→ WHAT YOU NEED TO DO
Every entry, exactly as given, must be retyped.

....

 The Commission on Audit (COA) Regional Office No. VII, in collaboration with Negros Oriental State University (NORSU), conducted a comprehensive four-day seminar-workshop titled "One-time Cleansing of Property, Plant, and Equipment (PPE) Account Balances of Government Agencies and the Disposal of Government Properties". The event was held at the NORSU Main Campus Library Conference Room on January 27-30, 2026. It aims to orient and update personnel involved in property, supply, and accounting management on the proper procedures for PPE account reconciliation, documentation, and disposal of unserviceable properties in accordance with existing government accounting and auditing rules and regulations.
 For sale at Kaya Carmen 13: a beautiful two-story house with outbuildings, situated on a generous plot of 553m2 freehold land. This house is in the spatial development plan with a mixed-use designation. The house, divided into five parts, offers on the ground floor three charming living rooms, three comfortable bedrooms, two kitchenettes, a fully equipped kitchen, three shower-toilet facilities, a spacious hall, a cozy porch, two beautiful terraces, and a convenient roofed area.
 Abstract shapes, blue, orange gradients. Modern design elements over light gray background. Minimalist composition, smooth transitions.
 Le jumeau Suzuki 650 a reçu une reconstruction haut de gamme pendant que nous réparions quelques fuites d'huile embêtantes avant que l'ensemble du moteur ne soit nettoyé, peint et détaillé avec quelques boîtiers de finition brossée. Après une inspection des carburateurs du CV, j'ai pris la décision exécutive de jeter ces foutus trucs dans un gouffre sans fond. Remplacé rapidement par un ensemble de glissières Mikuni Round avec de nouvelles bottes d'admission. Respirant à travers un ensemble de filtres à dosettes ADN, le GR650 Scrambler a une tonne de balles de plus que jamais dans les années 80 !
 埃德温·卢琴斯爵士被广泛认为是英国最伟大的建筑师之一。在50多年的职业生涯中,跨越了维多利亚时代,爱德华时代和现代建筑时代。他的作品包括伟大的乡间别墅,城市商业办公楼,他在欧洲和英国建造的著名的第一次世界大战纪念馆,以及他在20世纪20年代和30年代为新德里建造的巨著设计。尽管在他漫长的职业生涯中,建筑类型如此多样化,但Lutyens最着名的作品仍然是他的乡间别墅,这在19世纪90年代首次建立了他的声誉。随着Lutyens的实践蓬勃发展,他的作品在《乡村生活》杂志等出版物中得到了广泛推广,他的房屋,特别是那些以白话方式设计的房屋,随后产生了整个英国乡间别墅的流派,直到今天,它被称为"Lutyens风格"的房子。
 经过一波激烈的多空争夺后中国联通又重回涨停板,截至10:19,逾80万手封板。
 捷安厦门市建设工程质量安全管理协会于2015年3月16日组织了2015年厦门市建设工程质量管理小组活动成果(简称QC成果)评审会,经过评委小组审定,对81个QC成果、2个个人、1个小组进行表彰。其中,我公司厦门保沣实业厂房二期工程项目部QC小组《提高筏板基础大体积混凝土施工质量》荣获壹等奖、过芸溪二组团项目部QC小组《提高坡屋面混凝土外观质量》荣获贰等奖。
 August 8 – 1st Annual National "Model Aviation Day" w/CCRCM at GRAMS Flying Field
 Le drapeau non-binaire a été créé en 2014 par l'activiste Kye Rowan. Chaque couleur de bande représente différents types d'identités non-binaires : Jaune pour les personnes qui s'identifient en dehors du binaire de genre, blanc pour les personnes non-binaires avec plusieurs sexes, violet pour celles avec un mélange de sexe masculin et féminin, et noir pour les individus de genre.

....

→ EXERCISE RESPONSE
 The Commission on Audit (COA) Regional Office No. VII, in collaboration with Negros Oriental State University (NORSU), conducted a comprehensive four-day seminar-workshop titled "One-time Cleansing of Property, Plant, and Equipment (PPE) Account Balances of Government Agencies and the Disposal of Government Properties". The event was held at the NORSU Main Campus Library Conference Room on January 27-30, 2026. It aims to orient and update personnel involved in property, supply, and accounting management on the proper procedures for PPE account reconciliation, documentation, and disposal of unserviceable properties in accordance with existing government accounting and auditing rules and regulations.
 For sale at Kaya Carmen 13: a beautiful two-story house with outbuildings, situated on a generous plot of 553m2 freehold land. This house is in the spatial development plan with a mixed-use designation. The house, divided into five parts, offers on the ground floor three charming living rooms, three comfortable bedrooms, two kitchenettes, a fully equipped kitchen, three shower-toilet facilities, a spacious hall, a cozy porch, two beautiful terraces, and a convenient roofed area.
 Abstract shapes, blue, orange gradients. Modern design elements over light gray background. Minimalist composition, smooth transitions.
 Le jumeau Suzuki 650 a reçu une reconstruction haut de gamme pendant que nous réparions quelques fuites d'huile embêtantes avant que l'ensemble du moteur ne soit nettoyé, peint et détaillé avec quelques boîtiers de finition brossée. Après une inspection des carburateurs du CV, j'ai pris la décision exécutive de jeter ces foutus trucs dans un gouffre sans fond. Remplacé rapidement par un ensemble de glissières Mikuni Round avec de nouvelles bottes d'admission. Respirant à travers un ensemble de filtres à dosettes ADN, le GR650 Scrambler a une tonne de balles de plus que jamais dans les années 80 !
 埃德温·卢琴斯爵士被广泛认为是英国最伟大的建筑师之一。在50多年的职业生涯中,跨越了维多利亚时代,爱德华时代和现代建筑时代。他的作品包括伟大的乡间别墅,城市商业办公楼,他在欧洲和英国建造的著名的第一次世界大战纪念馆,以及他在20世纪20年代和30年代为新德里建造的巨著设计。尽管在他漫长的职业生涯中,建筑类型如此多样化,但Lutyens最着名的作品仍然是他的乡间别墅,这在19世纪90年代首次建立了他的声誉。随着Lutyens的实践蓬勃发展,他的作品在《乡村生活》杂志等出版物中得到了广泛推广,他的房屋,特别是那些以白话方式设计的房屋,随后产生了整个英国乡间别墅的流派,直到今天,它被称为"Lutyens风格"的房子。
 经过一波激烈的多空争夺后中国联通又重回涨停板,截至10:19,逾80万手封板。
 捷安厦门市建设工程质量安全管理协会于2015年3月16日组织了2015年厦门市建设工程质量管理小组活动成果(简称QC成果)评审会,经过评委小组审定,对81个QC成果、2个个人、1个小组进行表彰。其中,我公司厦门保沣实业厂房二期工程项目部QC小组《提高筏板基础大体积混凝土施工质量》荣获壹等奖、过芸溪二组团项目部QC小组《提高坡屋面混凝土外观质量》荣获贰等奖。
 August 8 – 1st Annual National "Model Aviation Day" w/CCRCM at GRAMS Flying Field
 Le drapeau non-binaire a été créé en 2014 par l'activiste Kye Rowan. Chaque couleur de bande représente différents types d'identités non-binaires : Jaune pour les personnes qui s'identifient en dehors du binaire de genre, blanc pour les personnes non-binaires avec plusieurs sexes, violet pour celles avec un mélange de sexe masculin et féminin, et noir pour les individus de genre.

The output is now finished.